INFORMATION SUPPLIED —
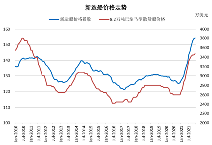 据克拉克森初步统计,2021年全球新造船成交量约1.2亿载重吨,同比增长78%,时隔6年再次突破1亿载重吨;按修正总吨和金额计,成交量和成交额分别为4664万修正总吨和1071亿美元,同比分别增长95%和113%。新造船价格指数达到154点,创出2009年底以来的最高水平,多数细分船型价格较2020年底上涨30%左右。
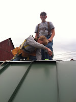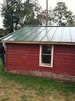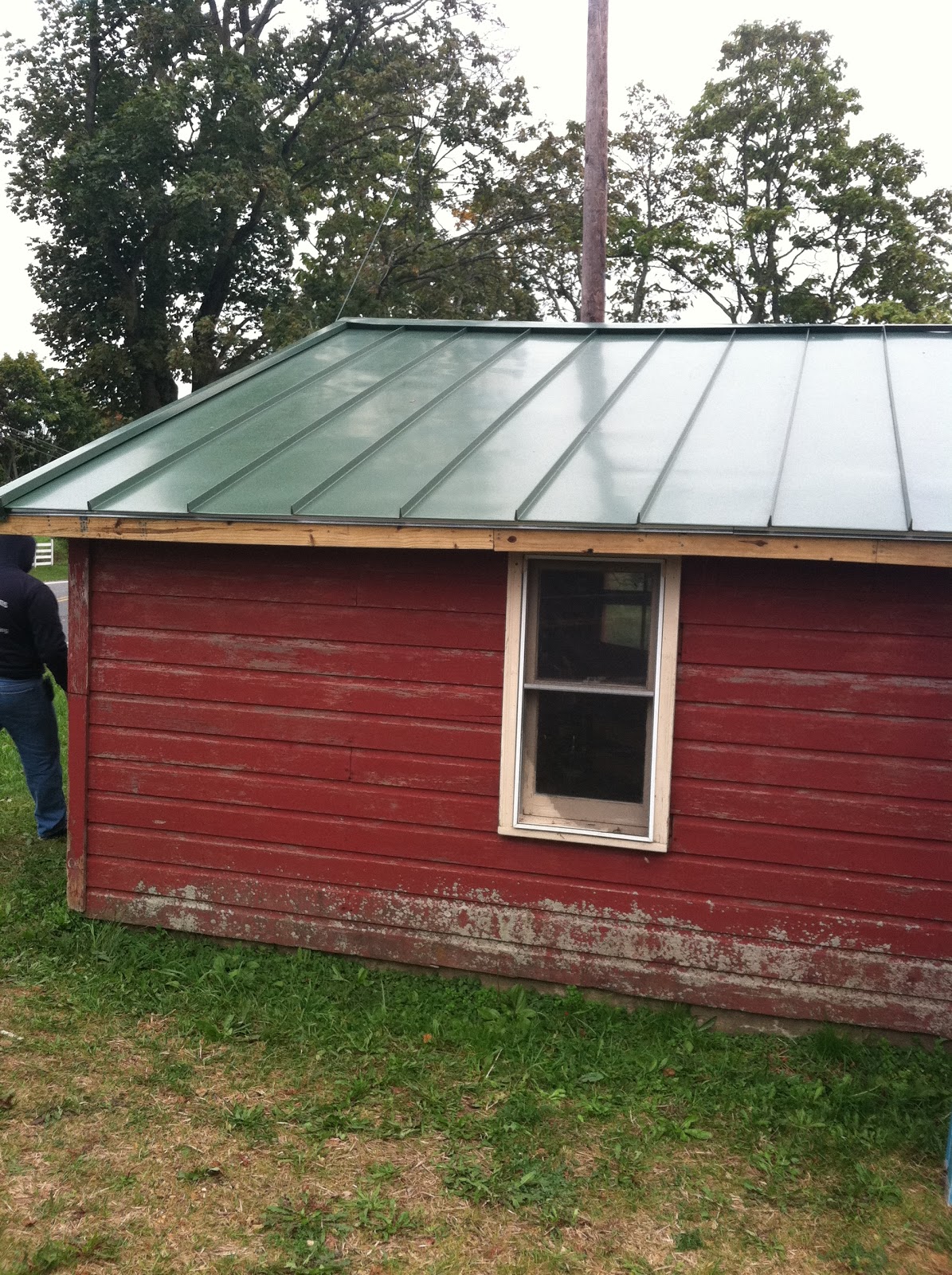 Despite the weather forecast, we did not get any rain until late on Sunday afternoon, so we were able to work more on our shed roof. Over the last 2 weeks, we finished putting up the long roof pieces on both sides, so now we were ready for the finish trim and the roof cap. This turned out to be more time consuming than the big pieces. We worked on Saturday for a few hours, and then again on Sunday (it got a lot colder and we had to take a break just to warm up again).
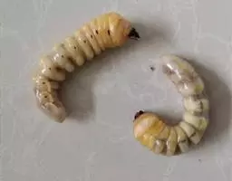 斗米虫为锈色粒肩天牛的幼虫,锈色粒肩天牛主要危害槐树Sophora japonica,…

ACTIVITY — Excluding pictures, copy exactly the lines from the line containing "Despite the weather" through the last line of the data, inclusive.

TASK SOLUTION —
 Despite the weather forecast, we did not get any rain until late on Sunday afternoon, so we were able to work more on our shed roof. Over the last 2 weeks, we finished putting up the long roof pieces on both sides, so now we were ready for the finish trim and the roof cap. This turned out to be more time consuming than the big pieces. We worked on Saturday for a few hours, and then again on Sunday (it got a lot colder and we had to take a break just to warm up again).
 斗米虫为锈色粒肩天牛的幼虫,锈色粒肩天牛主要危害槐树Sophora japonica,…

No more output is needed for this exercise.